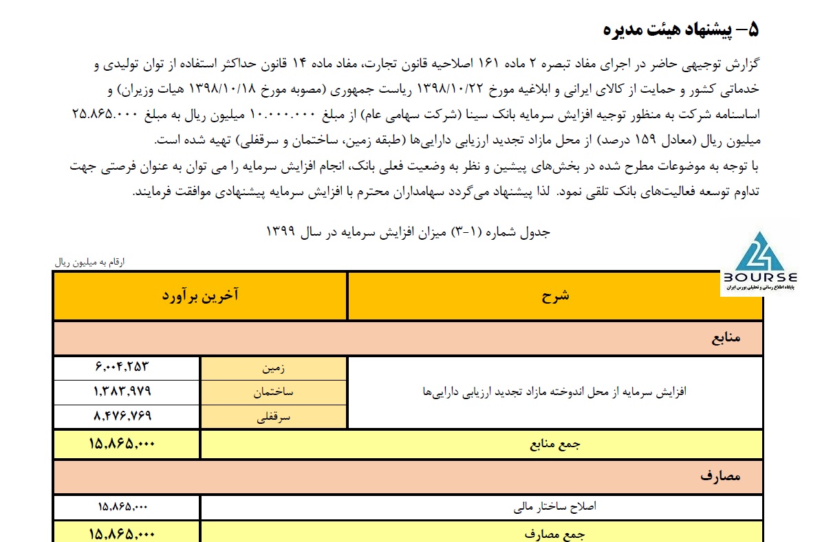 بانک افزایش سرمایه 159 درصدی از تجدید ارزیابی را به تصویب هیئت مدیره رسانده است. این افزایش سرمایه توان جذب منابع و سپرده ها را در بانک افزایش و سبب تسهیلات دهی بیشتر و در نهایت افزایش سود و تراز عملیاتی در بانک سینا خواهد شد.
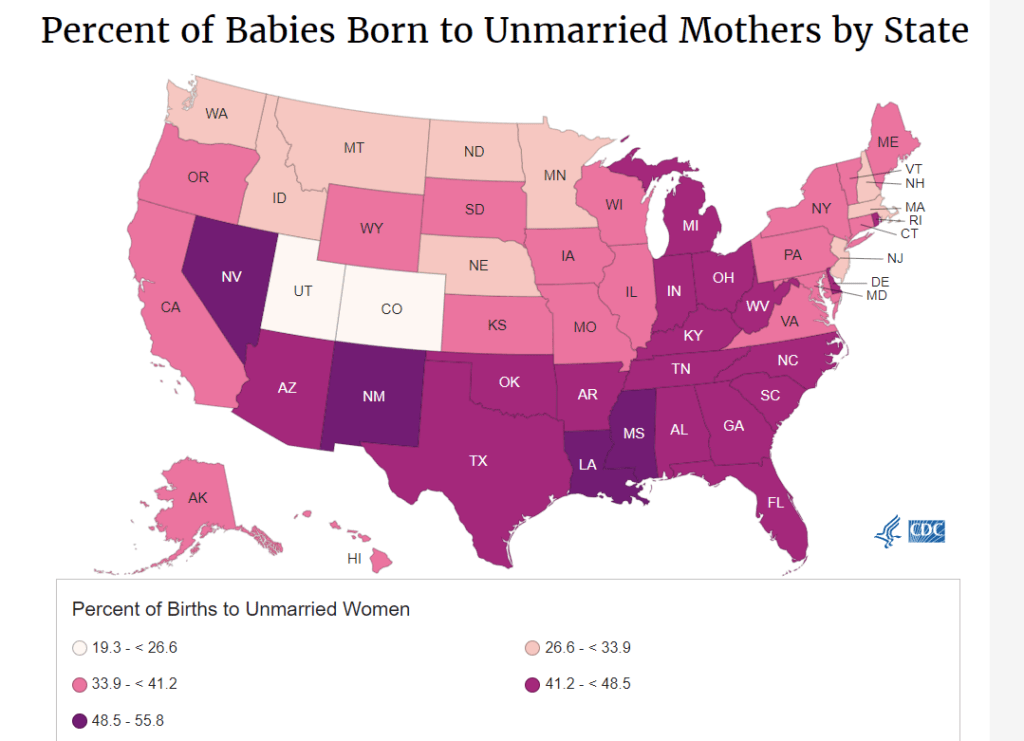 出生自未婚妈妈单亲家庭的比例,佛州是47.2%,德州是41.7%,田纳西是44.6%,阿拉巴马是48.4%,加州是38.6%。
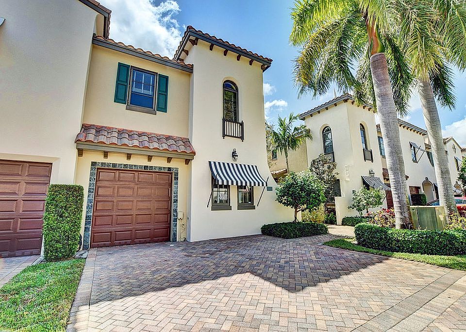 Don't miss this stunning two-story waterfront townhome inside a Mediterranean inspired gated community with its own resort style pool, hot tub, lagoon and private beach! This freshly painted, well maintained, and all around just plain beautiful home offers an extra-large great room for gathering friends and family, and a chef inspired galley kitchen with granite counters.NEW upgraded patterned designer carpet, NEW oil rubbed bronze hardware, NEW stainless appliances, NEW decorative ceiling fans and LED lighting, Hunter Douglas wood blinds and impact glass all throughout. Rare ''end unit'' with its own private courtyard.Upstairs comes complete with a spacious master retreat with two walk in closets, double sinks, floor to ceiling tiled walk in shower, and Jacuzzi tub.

● ● ● ● ●

#### [Task prompt]
Reproduce the data above in full, exactly as it is, with the pictures left out.

#### [Response below]
 بانک افزایش سرمایه 159 درصدی از تجدید ارزیابی را به تصویب هیئت مدیره رسانده است. این افزایش سرمایه توان جذب منابع و سپرده ها را در بانک افزایش و سبب تسهیلات دهی بیشتر و در نهایت افزایش سود و تراز عملیاتی در بانک سینا خواهد شد.
 出生自未婚妈妈单亲家庭的比例,佛州是47.2%,德州是41.7%,田纳西是44.6%,阿拉巴马是48.4%,加州是38.6%。
 Don't miss this stunning two-story waterfront townhome inside a Mediterranean inspired gated community with its own resort style pool, hot tub, lagoon and private beach! This freshly painted, well maintained, and all around just plain beautiful home offers an extra-large great room for gathering friends and family, and a chef inspired galley kitchen with granite counters.NEW upgraded patterned designer carpet, NEW oil rubbed bronze hardware, NEW stainless appliances, NEW decorative ceiling fans and LED lighting, Hunter Douglas wood blinds and impact glass all throughout. Rare ''end unit'' with its own private courtyard.Upstairs comes complete with a spacious master retreat with two walk in closets, double sinks, floor to ceiling tiled walk in shower, and Jacuzzi tub.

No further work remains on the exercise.